### The task
Pictures stay out. Extract the lines below from the first one through the line with "La Policía Nacional", both included.

### Data segment

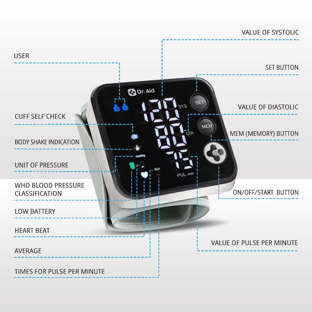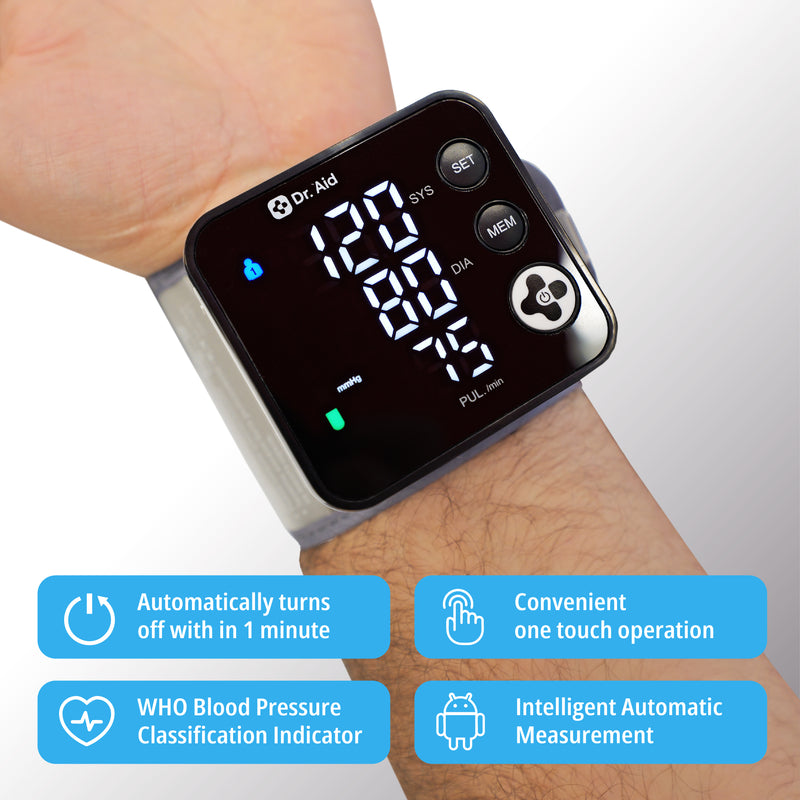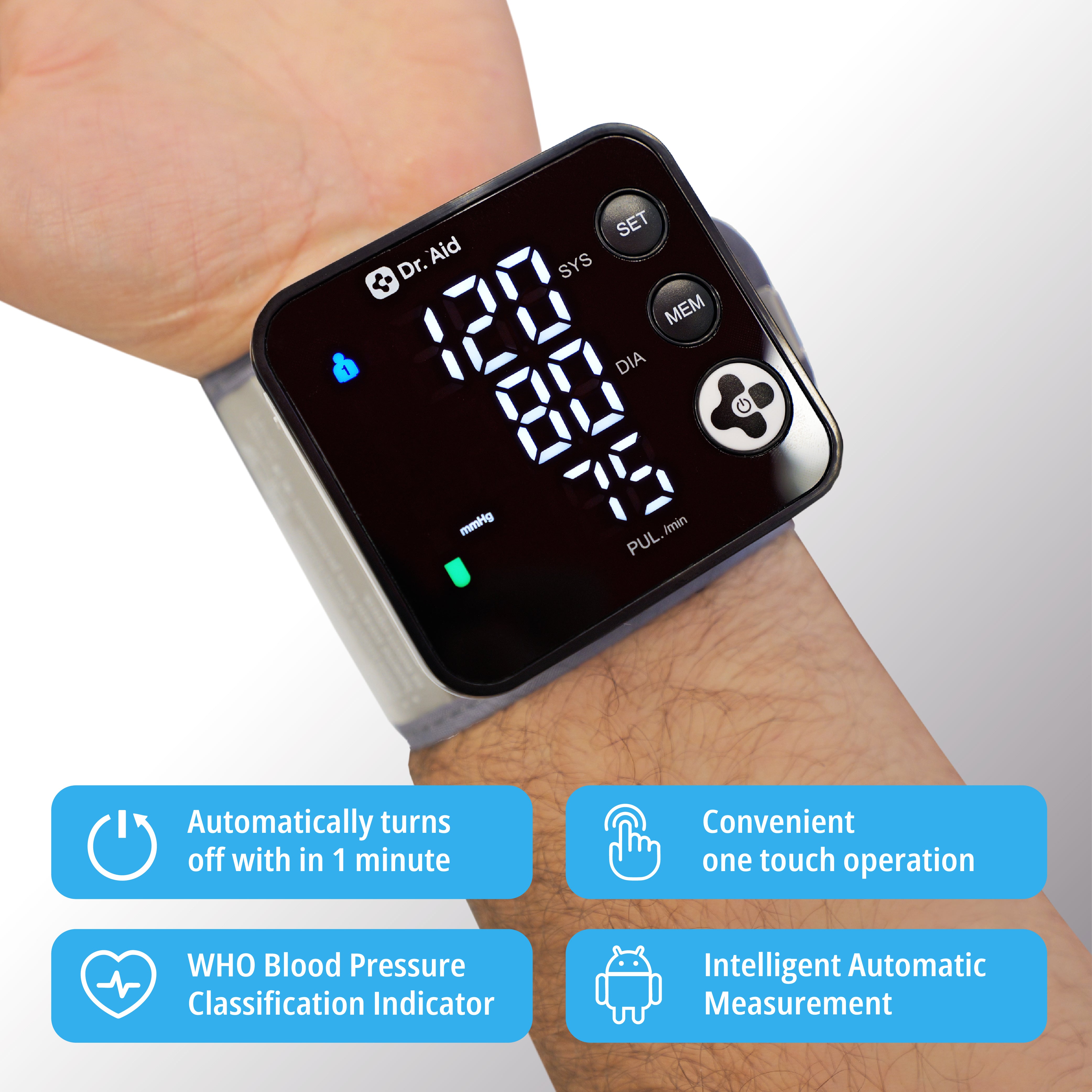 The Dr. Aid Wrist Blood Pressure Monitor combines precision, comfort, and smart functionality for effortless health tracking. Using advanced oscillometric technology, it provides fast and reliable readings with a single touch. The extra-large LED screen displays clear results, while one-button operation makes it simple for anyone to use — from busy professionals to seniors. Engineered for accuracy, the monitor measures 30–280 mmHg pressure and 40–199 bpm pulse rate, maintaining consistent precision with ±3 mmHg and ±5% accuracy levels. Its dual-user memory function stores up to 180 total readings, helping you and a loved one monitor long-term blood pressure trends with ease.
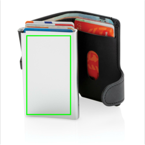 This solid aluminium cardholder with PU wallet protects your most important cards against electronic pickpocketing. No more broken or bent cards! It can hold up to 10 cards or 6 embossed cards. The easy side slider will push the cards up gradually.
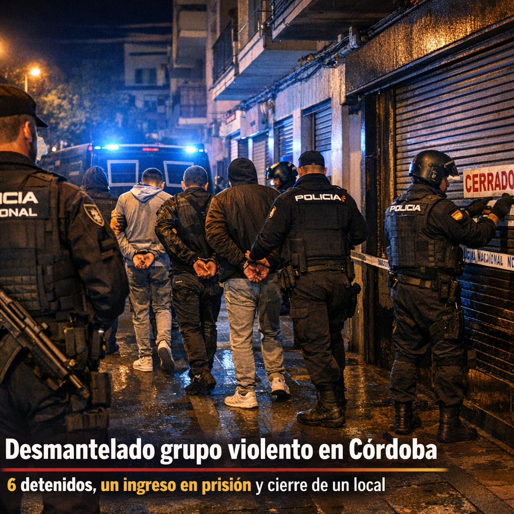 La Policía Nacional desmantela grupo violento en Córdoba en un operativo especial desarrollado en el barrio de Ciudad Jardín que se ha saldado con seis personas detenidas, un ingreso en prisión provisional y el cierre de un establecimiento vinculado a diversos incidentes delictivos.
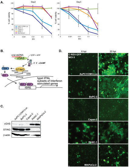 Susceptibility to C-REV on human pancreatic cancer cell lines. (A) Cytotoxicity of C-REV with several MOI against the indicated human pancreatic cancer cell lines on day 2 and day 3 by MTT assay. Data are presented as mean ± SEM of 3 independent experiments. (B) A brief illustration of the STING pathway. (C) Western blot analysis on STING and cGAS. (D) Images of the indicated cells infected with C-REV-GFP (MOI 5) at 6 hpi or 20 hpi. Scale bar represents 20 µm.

### Task response
 The Dr. Aid Wrist Blood Pressure Monitor combines precision, comfort, and smart functionality for effortless health tracking. Using advanced oscillometric technology, it provides fast and reliable readings with a single touch. The extra-large LED screen displays clear results, while one-button operation makes it simple for anyone to use — from busy professionals to seniors. Engineered for accuracy, the monitor measures 30–280 mmHg pressure and 40–199 bpm pulse rate, maintaining consistent precision with ±3 mmHg and ±5% accuracy levels. Its dual-user memory function stores up to 180 total readings, helping you and a loved one monitor long-term blood pressure trends with ease.
 This solid aluminium cardholder with PU wallet protects your most important cards against electronic pickpocketing. No more broken or bent cards! It can hold up to 10 cards or 6 embossed cards. The easy side slider will push the cards up gradually.
 La Policía Nacional desmantela grupo violento en Córdoba en un operativo especial desarrollado en el barrio de Ciudad Jardín que se ha saldado con seis personas detenidas, un ingreso en prisión provisional y el cierre de un establecimiento vinculado a diversos incidentes delictivos.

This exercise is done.